Balakiyém KADISSOLI, Aklesso Piwèlong MOUZOU, Tcha PAKOUSSI, Kwashie EKLU-GADEGBEKU, Kodjo A. AKLIKOKOU, Messanvi GBEASSOR.

Abstract
Objective: Trema guineensis is a traditional medicinal plant used to treat cardiovascular diseases in Africa. Here, we evaluated the effects of its hydro-alcoholic leaves on ethanol-induced hypertension.
Method: Four groups of five rats each were used in this study. Group I, the control group, received distilled water (10 mL kg-1), Group II received ethanol (35°) at 3 g/kg, and Groups III and IV received ethanol (35°) at 3 g/kg followed by 200 and 400 mg/kg extract respectively. Ethanol solutions were administered over eight weeks.

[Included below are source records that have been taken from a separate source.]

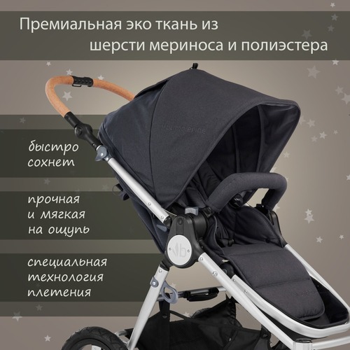 В соответствии с экологичным производством компании Bumbleride, ручка Era выполнена из натуральной пробки - прочного, приятного и теплого в зимнее время, нетоксичного, водонепроницаемого и антимикробного материала. Эко-ткани Bumbleride изготовлены из переработанного ПЭТ, не содержат вредных химических веществ и сертифицированы по международному стандарту OEKO-TEX. Водостойкая пропитка не содержит химикаты PFAS, известными как "вечные химикаты.
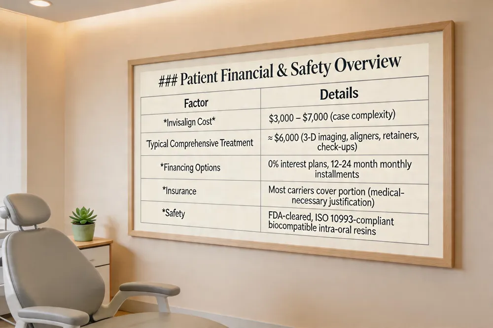 | Typical Comprehensive Treatment | ≈ $6,000 (includes 3‑D imaging, aligners, retainers, check‑ups) |
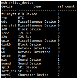 在 RT-Thread 系统上的设备注册列表,其中主要使用了 rtc,sd0,w0,sound,uart1 等设备。使用到的 RT-Thread 组件包括了 FinSH 控制台,虚拟文件系统,POSIX 接口。在软件包上面涉及到网络工具及 NetUtils,WebClient,cJSON,EasyFlash,rt_ota,TJpgDec,Player 等。
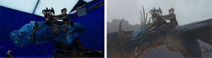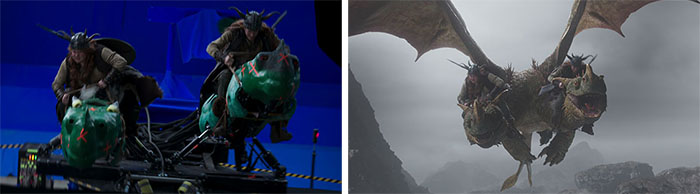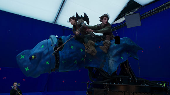 “We had a puppet for the whole of Toothless, minus his wings, based on the digital sculpt Framestore had created. This could be separated into sections depending on what the shot required. Often it would be just Tom and the head, which had a movable mouth and ear plates, as well as posable eyes. All of the other dragons were represented by heads, which were either handheld or mounted on backpack rigs, to mimic the long necks of the Zipplebacks, for example.
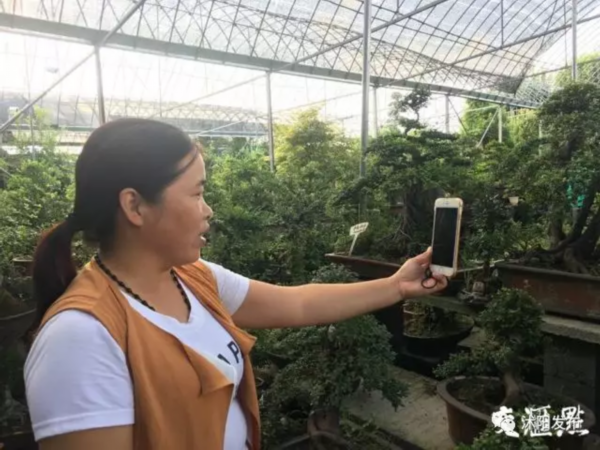 就在姜爱花家的隔壁,55岁的王秀平也在直播。“我就是跟姜爱花学的,平时她搞直播,我就经常去看看,不懂的,就问问她,二三个月就出师了。”王秀平说,“直播很实在,不能玩虚的。直播以来,平均每天销售盆景2000元以上。”

Results: The ethanol solutions increased body weight, blood pressure, superoxide dismutase (SOD), and malondialdehyde (MDA), and reduced glutathione (GSH) and nitric oxide (NO). As for the hematological parameters, the ethanol solutions reduced hemoglobin (HB), red blood cells (RBCs), white blood cells (WBCs), platelets (PLTs), polymorphonuclear cells (PNs), and lymphocytes (LYs), as well as corpuscular volume (VGM) compared to the control group. The T. guineensis extract significantly prevented increased body weight, blood pressure, SOD, MDA, GSH, and NO. The extract also normalized hematological parameters.
Conclusion: These results suggest that this extract contains antihypertensive properties that protect against against ethanol-induced hypertension.

Key words: hypertension; Trema guineensis; antioxidant; oxidative stress; ethanol; hematological parameters.